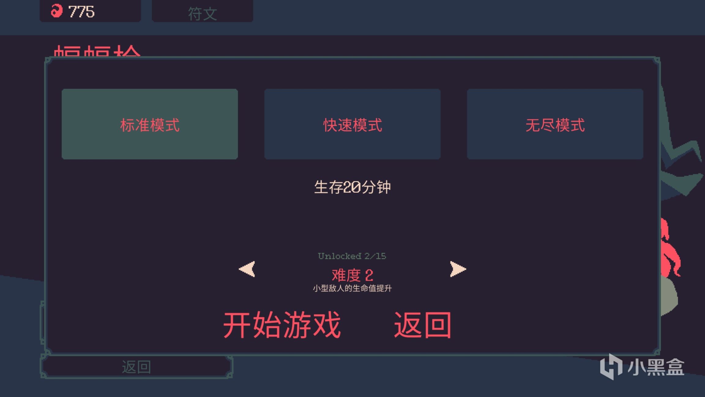 遊戲共有15大難度可以選擇,當你通過一種難度才能解鎖下一難度。每一種難度下,敵人都會增加不同的增益。我在剛開始玩這遊戲的時候我覺得每一分鍾都是漫長的,特別是獲得了遊戲內那個」3分鍾過後生成一條龍的蛋「。我從來沒有覺得三分鍾會這麼漫長,我都在和一堆怪物兜了一大個圈子了,往右上角一看,居然才過去一分鍾。我還指望這條龍幫我大殺四方能,結果經常都是沒等它孵化出來我就沒了。然後我就又忍不住繼續開一把,就想看這龍到底有多厲害,這何嘗不算是一種時間殺手呢。
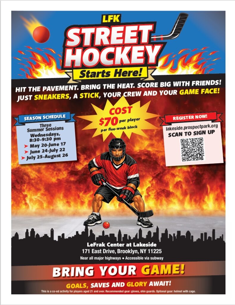 A fast-paced, informal version of hockey played on pavement with a ball and a stick, it’s fast, it’s gritty…pure pavement-level adrenaline. And it’s at Lakeside this Spring and Summer!
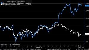 Det er et K-formet marked den siste måneden. Mag 7 +5,4 % Likevektet S&P 500 -2,1 %
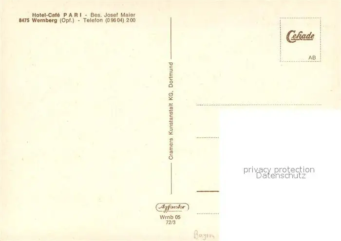 Wernberg-Koeblitz Hotel Café Parin Terrasse Wernberg-Koeblitz postalisch nicht gelaufen 1972 Erhaltung siehe scans [FriedD77] Frierer
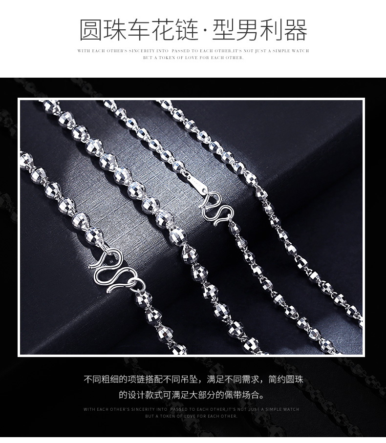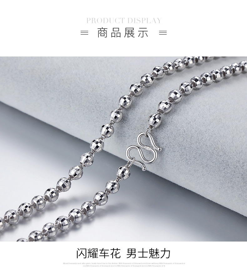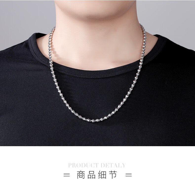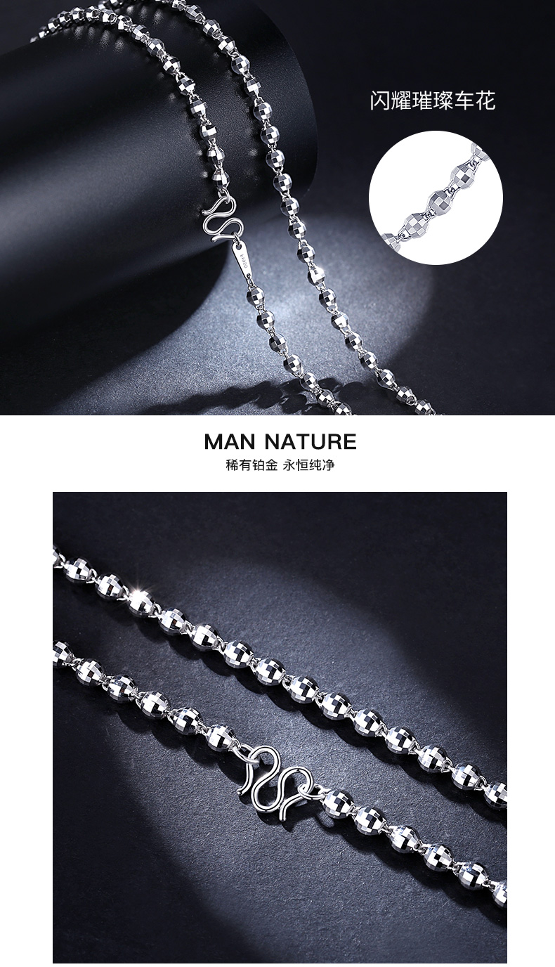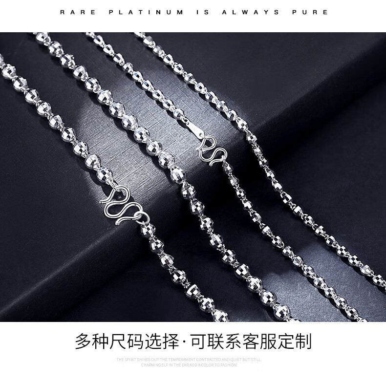 Huiyoulan pt950 platinum necklace for men, platinum laser bead chain for women, 950 Buddha beads, plain chain, thick round bead necklace, Chinese Valentine's Day gift, Christmas gift, PT950, weight about 8.83g, length 43cm, thickness about 2.5m
+-------+
> TASK
Omit the images; transcribe the listing verbatim.

> COMPLETED EXERCISE
 遊戲共有15大難度可以選擇,當你通過一種難度才能解鎖下一難度。每一種難度下,敵人都會增加不同的增益。我在剛開始玩這遊戲的時候我覺得每一分鍾都是漫長的,特別是獲得了遊戲內那個」3分鍾過後生成一條龍的蛋「。我從來沒有覺得三分鍾會這麼漫長,我都在和一堆怪物兜了一大個圈子了,往右上角一看,居然才過去一分鍾。我還指望這條龍幫我大殺四方能,結果經常都是沒等它孵化出來我就沒了。然後我就又忍不住繼續開一把,就想看這龍到底有多厲害,這何嘗不算是一種時間殺手呢。
 A fast-paced, informal version of hockey played on pavement with a ball and a stick, it’s fast, it’s gritty…pure pavement-level adrenaline. And it’s at Lakeside this Spring and Summer!
 Det er et K-formet marked den siste måneden. Mag 7 +5,4 % Likevektet S&P 500 -2,1 %
 Wernberg-Koeblitz Hotel Café Parin Terrasse Wernberg-Koeblitz postalisch nicht gelaufen 1972 Erhaltung siehe scans [FriedD77] Frierer
 Huiyoulan pt950 platinum necklace for men, platinum laser bead chain for women, 950 Buddha beads, plain chain, thick round bead necklace, Chinese Valentine's Day gift, Christmas gift, PT950, weight about 8.83g, length 43cm, thickness about 2.5m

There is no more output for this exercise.